## What you are asked to do
Write the data out again, character for character, with no images.
--- The data ---
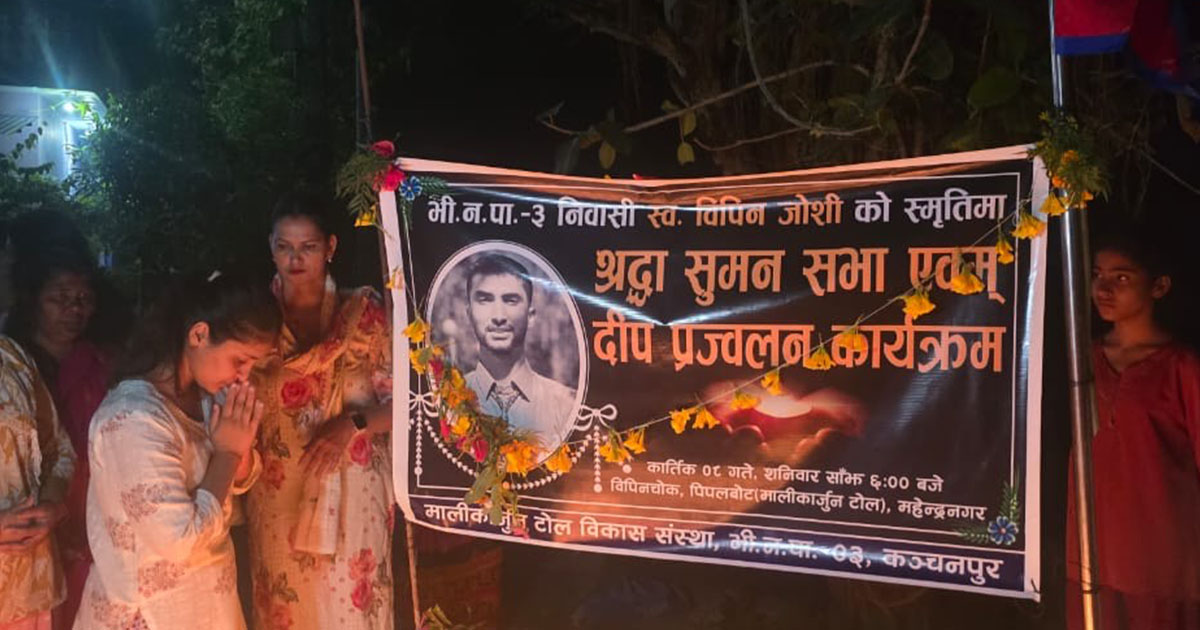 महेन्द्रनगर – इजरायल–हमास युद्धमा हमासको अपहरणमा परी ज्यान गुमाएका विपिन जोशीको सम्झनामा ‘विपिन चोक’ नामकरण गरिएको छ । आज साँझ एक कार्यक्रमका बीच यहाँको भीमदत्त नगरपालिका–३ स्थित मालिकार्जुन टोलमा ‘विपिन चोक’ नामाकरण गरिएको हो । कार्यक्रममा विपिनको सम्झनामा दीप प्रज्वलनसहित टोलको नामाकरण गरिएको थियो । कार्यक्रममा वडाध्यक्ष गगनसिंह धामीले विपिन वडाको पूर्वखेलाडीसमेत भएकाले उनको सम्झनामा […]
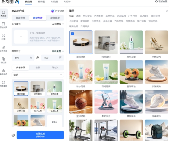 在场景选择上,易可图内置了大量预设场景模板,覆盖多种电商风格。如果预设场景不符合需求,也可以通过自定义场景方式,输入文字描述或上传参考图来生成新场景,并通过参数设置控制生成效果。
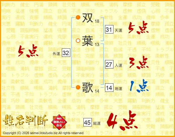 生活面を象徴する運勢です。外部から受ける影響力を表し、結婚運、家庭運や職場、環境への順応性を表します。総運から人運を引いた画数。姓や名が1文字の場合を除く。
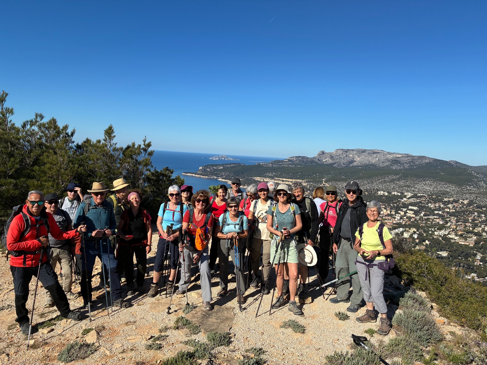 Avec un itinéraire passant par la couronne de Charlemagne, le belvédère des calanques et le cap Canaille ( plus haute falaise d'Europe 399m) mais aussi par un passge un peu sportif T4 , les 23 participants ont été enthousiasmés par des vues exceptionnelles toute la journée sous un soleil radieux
---
## Solution to this exercise
 महेन्द्रनगर – इजरायल–हमास युद्धमा हमासको अपहरणमा परी ज्यान गुमाएका विपिन जोशीको सम्झनामा ‘विपिन चोक’ नामकरण गरिएको छ । आज साँझ एक कार्यक्रमका बीच यहाँको भीमदत्त नगरपालिका–३ स्थित मालिकार्जुन टोलमा ‘विपिन चोक’ नामाकरण गरिएको हो । कार्यक्रममा विपिनको सम्झनामा दीप प्रज्वलनसहित टोलको नामाकरण गरिएको थियो । कार्यक्रममा वडाध्यक्ष गगनसिंह धामीले विपिन वडाको पूर्वखेलाडीसमेत भएकाले उनको सम्झनामा […]
 在场景选择上,易可图内置了大量预设场景模板,覆盖多种电商风格。如果预设场景不符合需求,也可以通过自定义场景方式,输入文字描述或上传参考图来生成新场景,并通过参数设置控制生成效果。
 生活面を象徴する運勢です。外部から受ける影響力を表し、結婚運、家庭運や職場、環境への順応性を表します。総運から人運を引いた画数。姓や名が1文字の場合を除く。
 Avec un itinéraire passant par la couronne de Charlemagne, le belvédère des calanques et le cap Canaille ( plus haute falaise d'Europe 399m) mais aussi par un passge un peu sportif T4 , les 23 participants ont été enthousiasmés par des vues exceptionnelles toute la journée sous un soleil radieux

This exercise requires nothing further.